((
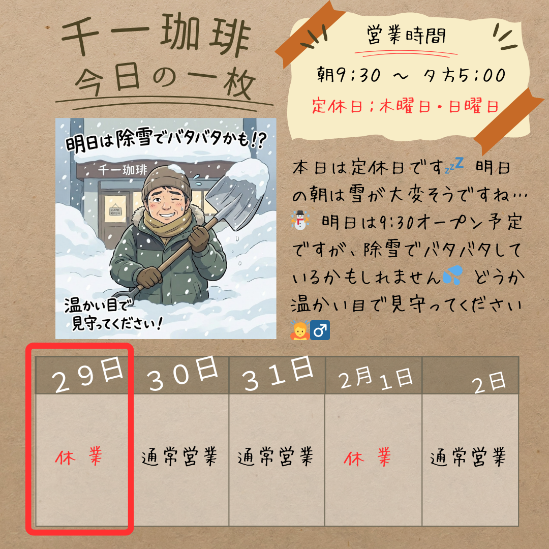 おはようございます。 本日1月29日(木)は、定休日を頂戴しております。
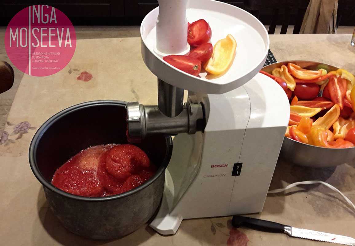 - Перекрутим через мясорубку томаты. Используем насадку крупного диаметра.
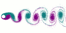 In 1883, scientist Osborne Reynolds conducted a fluid dynamics experiment involving water and dye, where he adjusted the velocities of the fluids and observed the transition from laminar to turbulent flow, characterized by the formation of eddies and vortices.[5] Turbulent flow is defined as the flow in which the system's inertial forces are dominant over the viscous forces. This phenomenon is described by Reynolds number, a unit-less number used to determine when turbulent flow will occur. Conceptually, the Reynolds number is the ratio between inertial forces and viscous forces.[6]
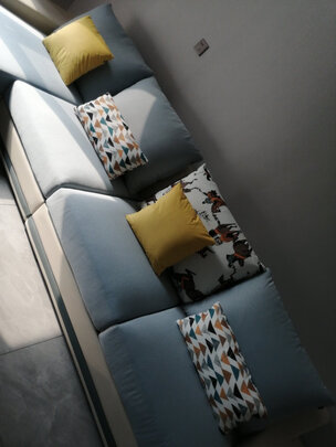 风格款式:简单,大方,也很大气,;适用户型:中等户型;材质特点:棉麻面料,挺舒适的,抱拯是柔布面料,做工精细;舒适程度:座感不错,软硬适中,是我想要的感觉;售后服务:配送安装师傅态度好,提前打了电话通知送货。后面迟到了一个多小时,一来就说不好意思,让久等了,包装也很严实,开始还担心会磕碰坏,物流也给为,以为要等一个月,没想到那么快到货,
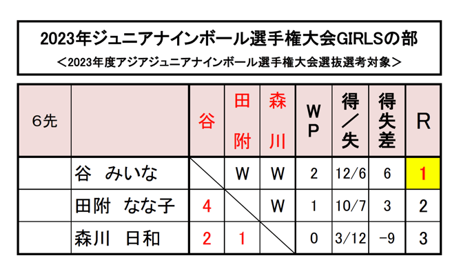 『ジュニアナインボール選手権大会GIRLSの部』には、
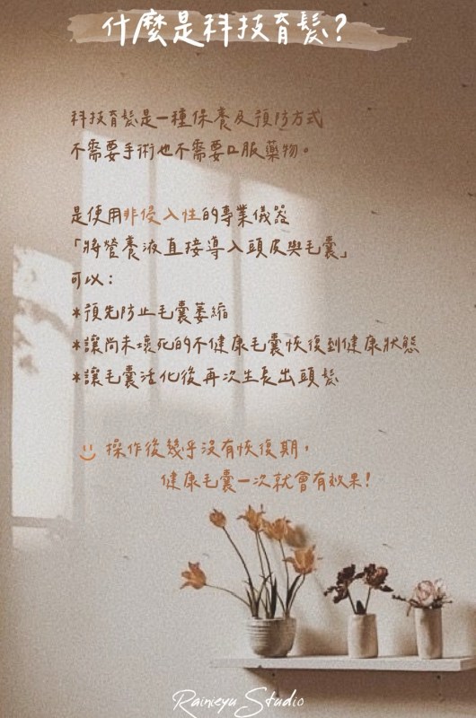 ▫️是一種頭皮保養及預防方式,不需要手術、口服藥物。
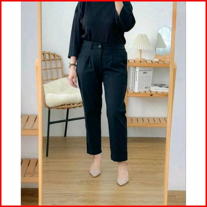Celana Kerja Wanita Chino Panjang Mode Kancing Resleting Slim Fit Formal Bahan Twill Katun Combed Melar Untuk Ke Kantor
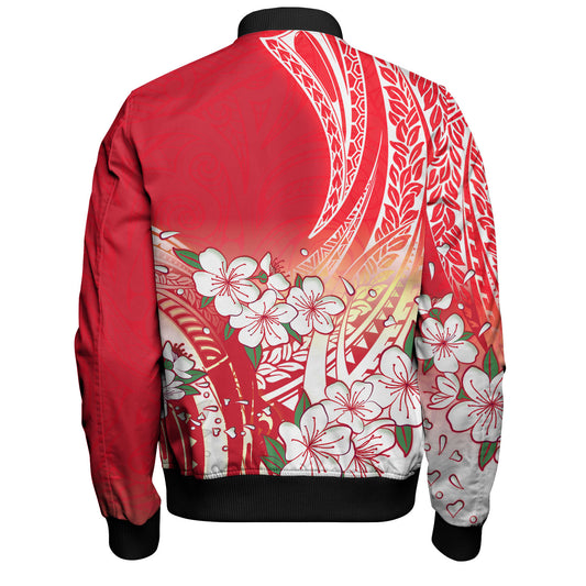 Polynesian Bomber Jacket Polynesian Pattern Style White Flowers
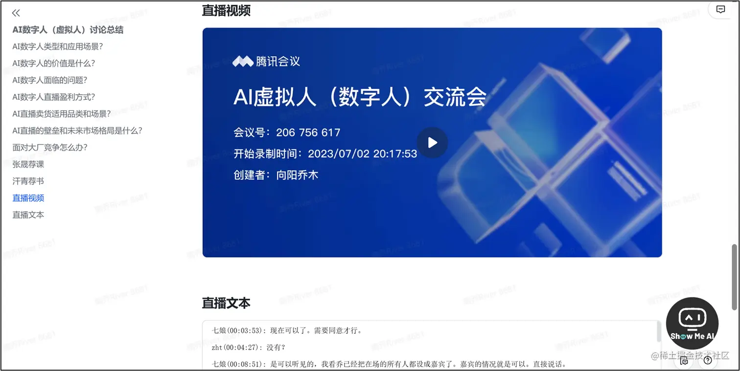 这是 @向阳乔木 7月2日举办的「AI虚拟人(数字人)交流会」的会议记录和要点提炼,也是截至目前对数字人分享最立体和透彻的内容。感兴趣可以前往飞书查看直播视频和文本!
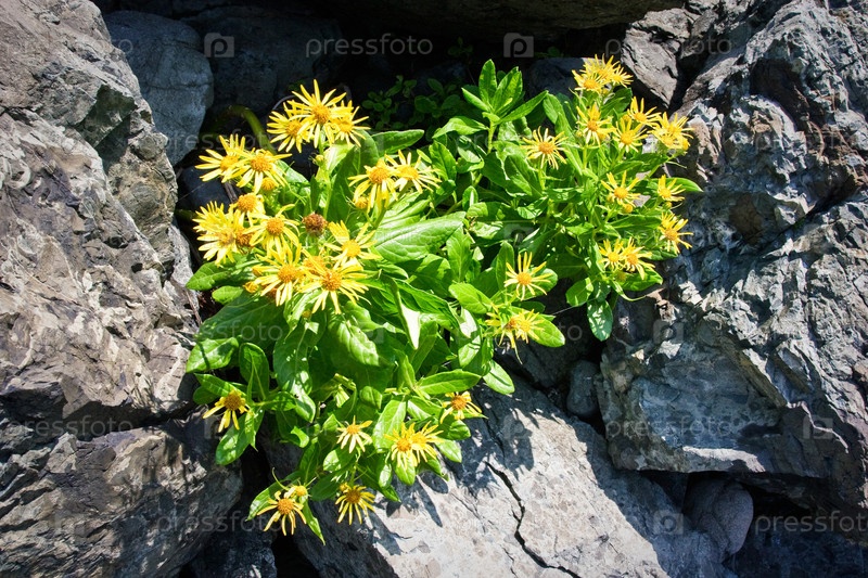 Желтые цветы растут среди камней
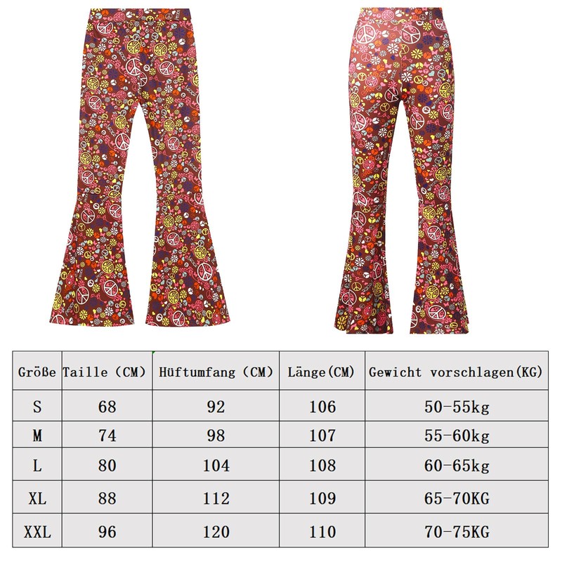 - 【Hippie-Kostüm-Damen-Hosen-Set】 - Dieses Paket enthält 1 Paar Hippie-Schlaghosen, 1 Stück Peace-Zeichen-Ohrringe, 1 Stück Peace-Zeichen-Halskette, 1 Stück Blumen-Stirnband und 1 Stück Vintage-Sonnenbrille. Eine auffällige ausgestellte Hose und das Passende Hippie-Kostümzubehör ist perfekt für jede Veranstaltung zum Thema 60er 70er Jahre.
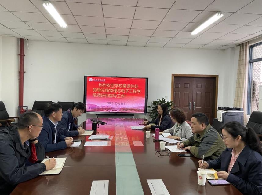 为更好的促进校院两级离退休教职工的服务与管理工作,5月18日学校离退休处处长刘艳、副处长宁召峰、李玉平、办公室主任周珊珊一行到我院开展离退休工作的调研工作。学院党委书记杨云,副院长(主持工作)余鹏,工会主席范嗣强以及办公室主任辜永红参与调研会议。
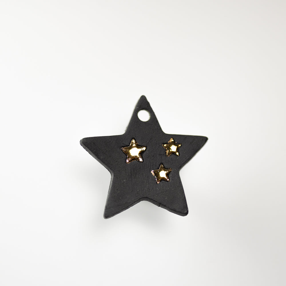 Handgemaakte kerstornament verfraaid met details in echt 22 karaat goud. Elk stuk is zorgvuldig vormgegeven in ruwe klei en uniek. Met de warme glans van het goud is het een schitterende toevoeging is aan elke kerstboom.
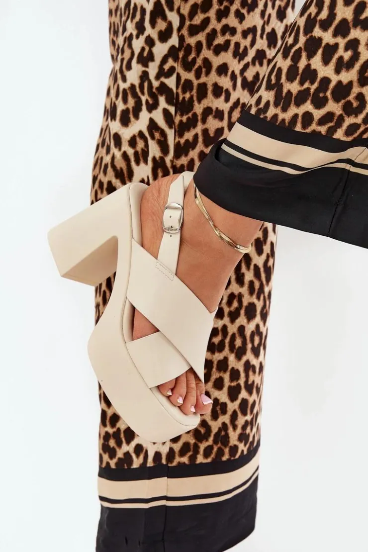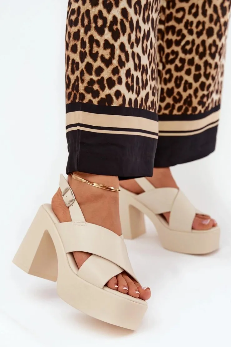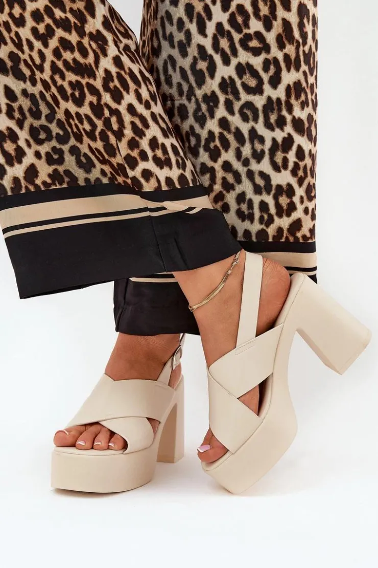 Lekkie sandały damskie z eko skóry, osadzone na masywnym słupku i platformie. Z przodu znajdują się dwa przeplatające się szerokie paski, które dodają modnego charakteru. Zapinane na sprzączkę, umożliwiają idealne dopasowanie do stopy. Miękka wkładka zapewnia komfort przez cały dzień. Idealne na letnie dni, te sandały będą doskonałym wyborem do różnych stylizacji, łącząc elegancję z funkcjonalnością. Przy wyborze rozmiaru prosimy sugerować się tabelą rozmiarów.
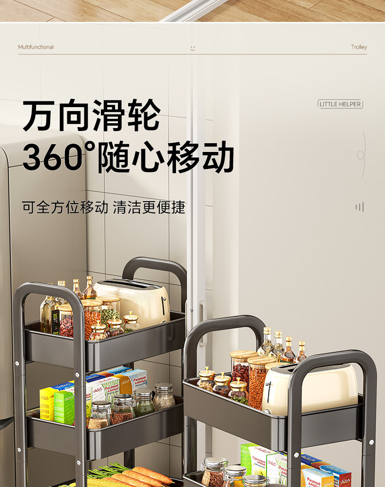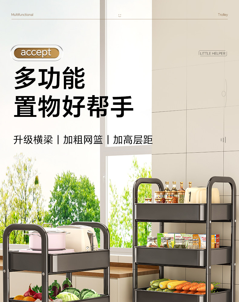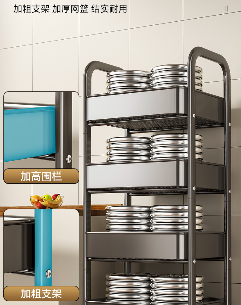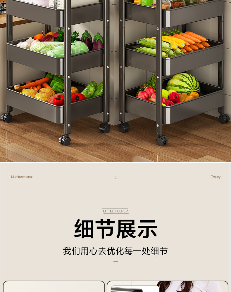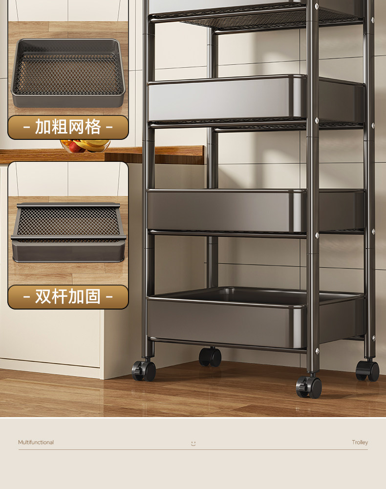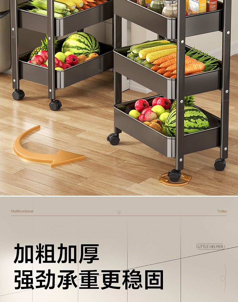 Kitchen Storage Rack Trolley, Floor-Standing, Household, Movable, Multi-Layer Shelf, Multi-Functional Fruit and Vegetable Basket Storage Rack
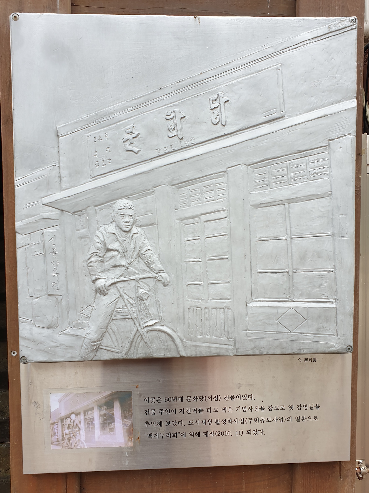 ‘가가상점’, ‘Cream of X'’, ‘반죽동 247’ 등 요즘 공주와 관련된 SNS에 가장 많이 언급되는 장소들이 대부분 감영길에 위치한다. 어찌 보면 칙칙하다 느낄 수 있는 원도심의 분위기를 밝고 세련되게 바꿔주는 곳들이라 할 수 있다. 그러다 보니 휴일이면 공주를 찾아온 여행객들을 가장 많이 만나는 장소이기도 하다. 하지만 개인적으로 더 애정이 가고 눈길을 사로잡는 곳은 이런 곳들이 아니다. 참고서·잡지·단행본 등을 파는 오래된 서점, 민화·손글씨·국악기 등을 가르치고 작업하는 공방, 학생백화점, 작은 미술관 등등 대도시에는 사라져 버린 추억 속의 장소들이 이곳에 남아있다. 어릴 때 엄마 손잡고 다녔던 인사동, 종로, 삼청동의 모습을 다시 만나는 느낌이라고 할까.
))
Work required → Produce the entries again, word for word, without any of their pictures.

Answer section →
 おはようございます。 本日1月29日(木)は、定休日を頂戴しております。
 - Перекрутим через мясорубку томаты. Используем насадку крупного диаметра.
 In 1883, scientist Osborne Reynolds conducted a fluid dynamics experiment involving water and dye, where he adjusted the velocities of the fluids and observed the transition from laminar to turbulent flow, characterized by the formation of eddies and vortices.[5] Turbulent flow is defined as the flow in which the system's inertial forces are dominant over the viscous forces. This phenomenon is described by Reynolds number, a unit-less number used to determine when turbulent flow will occur. Conceptually, the Reynolds number is the ratio between inertial forces and viscous forces.[6]
 风格款式:简单,大方,也很大气,;适用户型:中等户型;材质特点:棉麻面料,挺舒适的,抱拯是柔布面料,做工精细;舒适程度:座感不错,软硬适中,是我想要的感觉;售后服务:配送安装师傅态度好,提前打了电话通知送货。后面迟到了一个多小时,一来就说不好意思,让久等了,包装也很严实,开始还担心会磕碰坏,物流也给为,以为要等一个月,没想到那么快到货,
 『ジュニアナインボール選手権大会GIRLSの部』には、
 ▫️是一種頭皮保養及預防方式,不需要手術、口服藥物。
Celana Kerja Wanita Chino Panjang Mode Kancing Resleting Slim Fit Formal Bahan Twill Katun Combed Melar Untuk Ke Kantor
 Polynesian Bomber Jacket Polynesian Pattern Style White Flowers
 这是 @向阳乔木 7月2日举办的「AI虚拟人(数字人)交流会」的会议记录和要点提炼,也是截至目前对数字人分享最立体和透彻的内容。感兴趣可以前往飞书查看直播视频和文本!
 Желтые цветы растут среди камней
 - 【Hippie-Kostüm-Damen-Hosen-Set】 - Dieses Paket enthält 1 Paar Hippie-Schlaghosen, 1 Stück Peace-Zeichen-Ohrringe, 1 Stück Peace-Zeichen-Halskette, 1 Stück Blumen-Stirnband und 1 Stück Vintage-Sonnenbrille. Eine auffällige ausgestellte Hose und das Passende Hippie-Kostümzubehör ist perfekt für jede Veranstaltung zum Thema 60er 70er Jahre.
 为更好的促进校院两级离退休教职工的服务与管理工作,5月18日学校离退休处处长刘艳、副处长宁召峰、李玉平、办公室主任周珊珊一行到我院开展离退休工作的调研工作。学院党委书记杨云,副院长(主持工作)余鹏,工会主席范嗣强以及办公室主任辜永红参与调研会议。
 Handgemaakte kerstornament verfraaid met details in echt 22 karaat goud. Elk stuk is zorgvuldig vormgegeven in ruwe klei en uniek. Met de warme glans van het goud is het een schitterende toevoeging is aan elke kerstboom.
 Lekkie sandały damskie z eko skóry, osadzone na masywnym słupku i platformie. Z przodu znajdują się dwa przeplatające się szerokie paski, które dodają modnego charakteru. Zapinane na sprzączkę, umożliwiają idealne dopasowanie do stopy. Miękka wkładka zapewnia komfort przez cały dzień. Idealne na letnie dni, te sandały będą doskonałym wyborem do różnych stylizacji, łącząc elegancję z funkcjonalnością. Przy wyborze rozmiaru prosimy sugerować się tabelą rozmiarów.
 Kitchen Storage Rack Trolley, Floor-Standing, Household, Movable, Multi-Layer Shelf, Multi-Functional Fruit and Vegetable Basket Storage Rack
 ‘가가상점’, ‘Cream of X'’, ‘반죽동 247’ 등 요즘 공주와 관련된 SNS에 가장 많이 언급되는 장소들이 대부분 감영길에 위치한다. 어찌 보면 칙칙하다 느낄 수 있는 원도심의 분위기를 밝고 세련되게 바꿔주는 곳들이라 할 수 있다. 그러다 보니 휴일이면 공주를 찾아온 여행객들을 가장 많이 만나는 장소이기도 하다. 하지만 개인적으로 더 애정이 가고 눈길을 사로잡는 곳은 이런 곳들이 아니다. 참고서·잡지·단행본 등을 파는 오래된 서점, 민화·손글씨·국악기 등을 가르치고 작업하는 공방, 학생백화점, 작은 미술관 등등 대도시에는 사라져 버린 추억 속의 장소들이 이곳에 남아있다. 어릴 때 엄마 손잡고 다녔던 인사동, 종로, 삼청동의 모습을 다시 만나는 느낌이라고 할까.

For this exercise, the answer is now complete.